The thought I want to talk about here is the method I want. The framework may already provide services for you and understand the framework style, which will make the function implementation process smoother :)

The last step is to filter the source word, which is very simple: // filter invalid characters, string-Private Static string wordfilter (string s) # region // filter invalid characters, string-Private Static string wordfilter (string S)
/** // <Summary>
/// Filter invalid characters and strings
/// </Summary>
/// <Param name = "S"> source string </param>
Private Static string wordfilter (string S)
{
Foreach (string code in filter)
{
S = S. Replace (Code ,"");
}
Return S;
}
# Endregion

The wordfilter (string s) method returns the filtered source word.
Let's see the results:

Problems:
Some words (or words) in the dictionary will appear in some words, such as [I], and will be filtered out in the idiom [I am sorry, therefore, this idiom will be split into [view]-[even]-[pity].

Later:
So far, there is no unified standard for the search engine technology, and there is no stage in which a certain function can be used to solve the general consensus. Most intra-site searches are in the exploratory and testing phase (of course, this stage brings us endless fun :)), therefore, the above solutions are only immature among the many solutions, but if the above solutions can bring you a little inspiration or arouse your interest in search engines, I will be very happy :)
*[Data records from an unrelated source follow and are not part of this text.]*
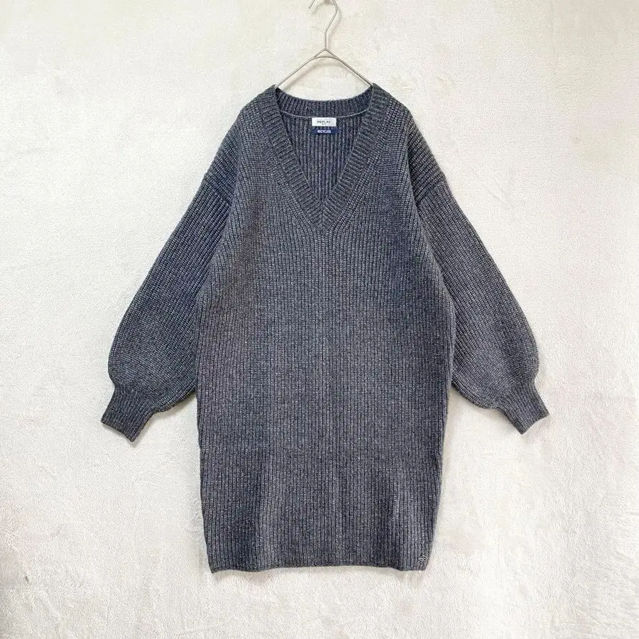 REPLAY/롱 니트 스웨터 원피스/S/V넥 루즈핏 그레이
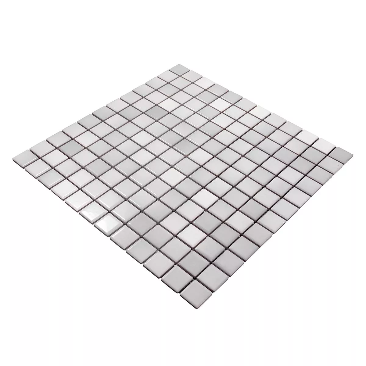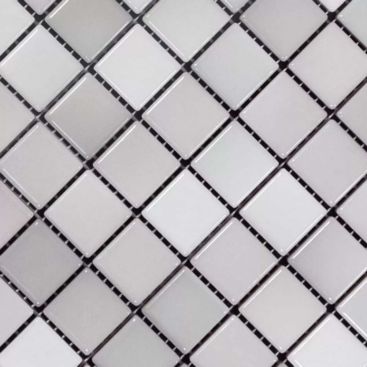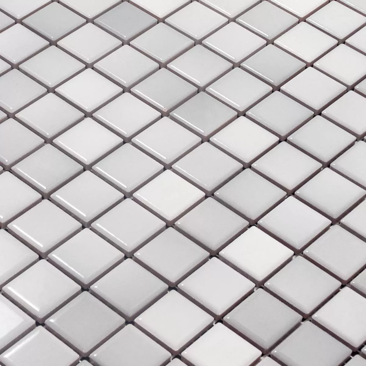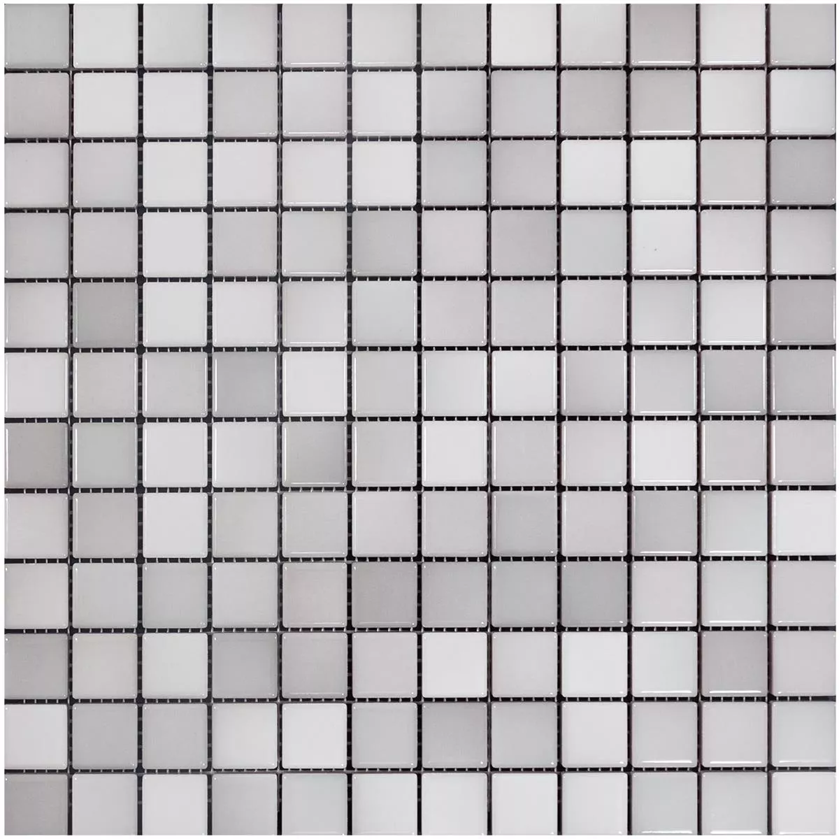 Gallerias keramiska mosaikplatta i grå blandning erbjuder en elegant och mångsidig lösning för dina designidéer med sin moderna metalllook och matta yta. Kakelplattan kommer i praktiska mattor som mäter 29,7 x 29,7 cm, som redan är limmade på ett nät redo för montering. Med en stenstorlek på 23 x 23 mm och en tjocklek på 6,5 mm kan den läggas exakt på både väggar och golv.
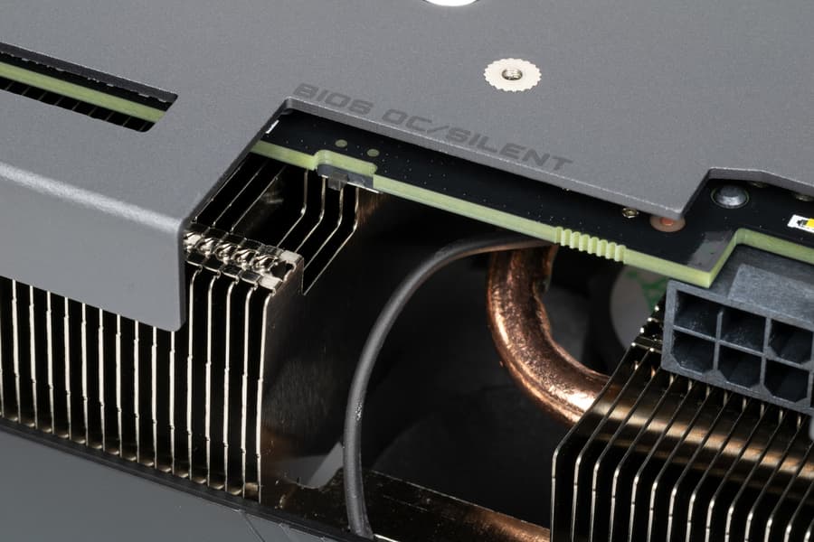 Карта имеет два режима работы, они заложены в двух вариантах BIOS, которые переключаются с помощью переключателя на верхнем торце карты: OC (производительный) и Silent (тихая работа системы охлаждения). Разница между режимами в основном состоит в настройках работы вентиляторов.
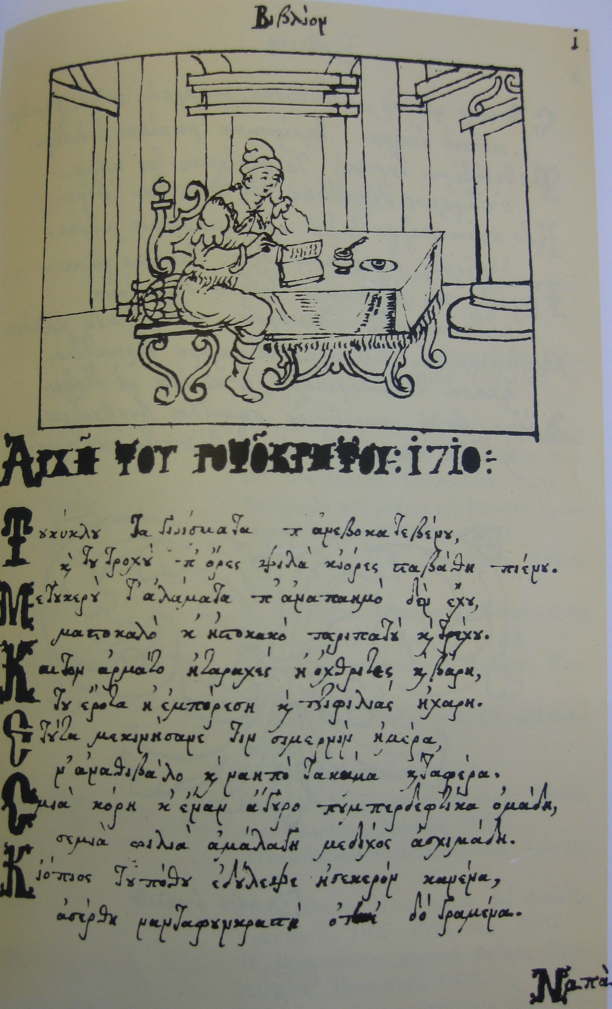 また、上述の先行する物語は散文でしたが、『エロトクリトス』は韻文で書かれており、それもクレタ独特の15節韻律が用いられています。下の写真は、この作品の冒頭部分です。
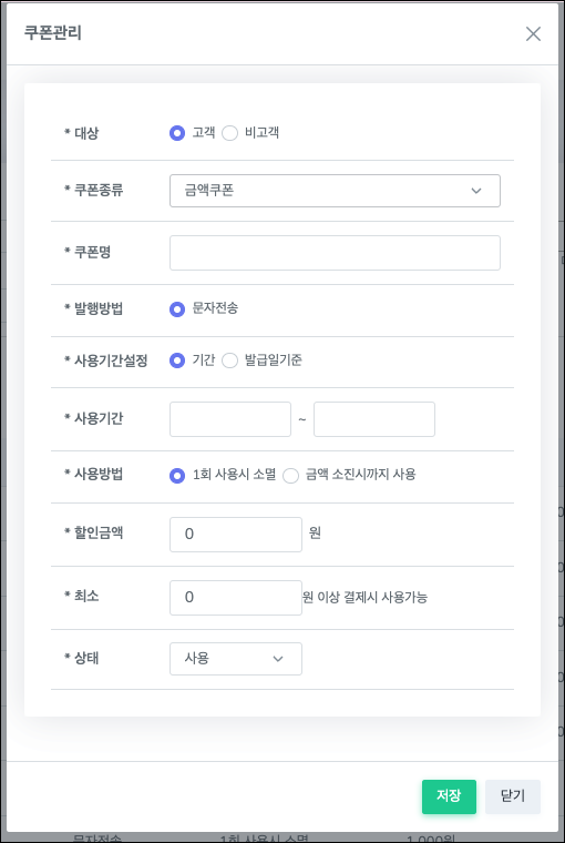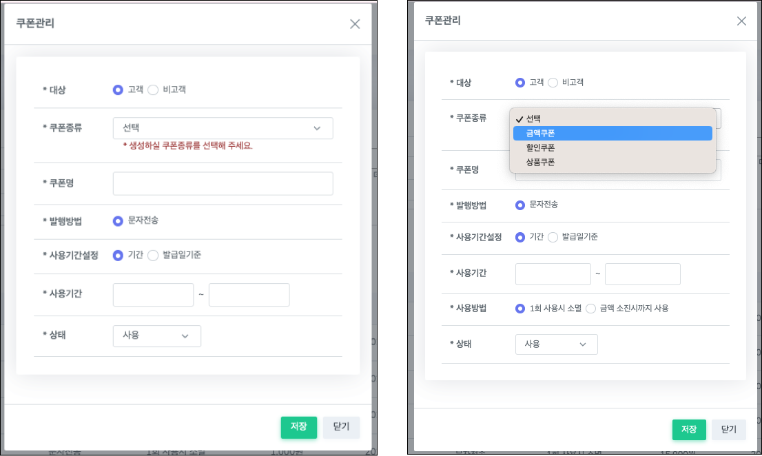 2. 쿠폰관리 팝업 내 쿠폰종류 > 금액쿠폰으로 선택

Complimentary: Filter dictionary

Filter.txt
Of
?
?
Ah
Description
Pair
In
And
Yes
Quilt
Most
Institute
That
This
Yes
Set
Yes
And
Cause
Yu
He
She
It
You
Is
The
For
In
To
On
 



A
B
C
D
E
F
G
H
I
J
K
L
M
N
O
P
Q
R
S
T
U
V
W
X
Y
Z
1
2
3
4
5
6
7
8
9
0
About
Above
After
Again
All
Also
AM
An
And
Any
Are
As
At
Back
Be
Been
Before
Behind
Being
Below
But
By
Can
Click
Do
Does
Done
Each
Else
Etc
Ever
Every
Few
For
From
Generally
Get
Go
Gone
Has
Have
Hello
Here
How
If
In
Into
Is
Just
Keep
Later
Let
Like
Lot
Lots
Made
Make
Makes
Bytes
May
Me
More
Most
Much
Must
My
Need
No
Not
Now
Of
Often
On
Only
Or
Other
Others
Our
Out
Over
Please
Put
So
Some
Such
Than
That
The
Their
Them
Then
There
These
They
This
Try
To
Up
Us
Very
Want
Was
We
Well
What
When
Where
Which
Why
Will
With
Within
You
Your
Yourself

Contact Us

The content source of this page is from Internet, which doesn't represent Alibaba Cloud's opinion; products and services mentioned on that page don't have any relationship with Alibaba Cloud. If the content of the page makes you feel confusing, please write us an email, we will handle the problem within 5 days after receiving your email.

If you find any instances of plagiarism from the community, please send an email to: info-contact@alibabacloud.com and provide relevant evidence. A staff member will contact you within 5 working days.

A Free Trial That Lets You Build Big!

Start building with 50+ products and up to 12 months usage for Elastic Compute Service

  • Sales Support

    1 on 1 presale consultation

  • After-Sales Support

    24/7 Technical Support 6 Free Tickets per Quarter Faster Response

  • Alibaba Cloud offers highly flexible support services tailored to meet your exact needs.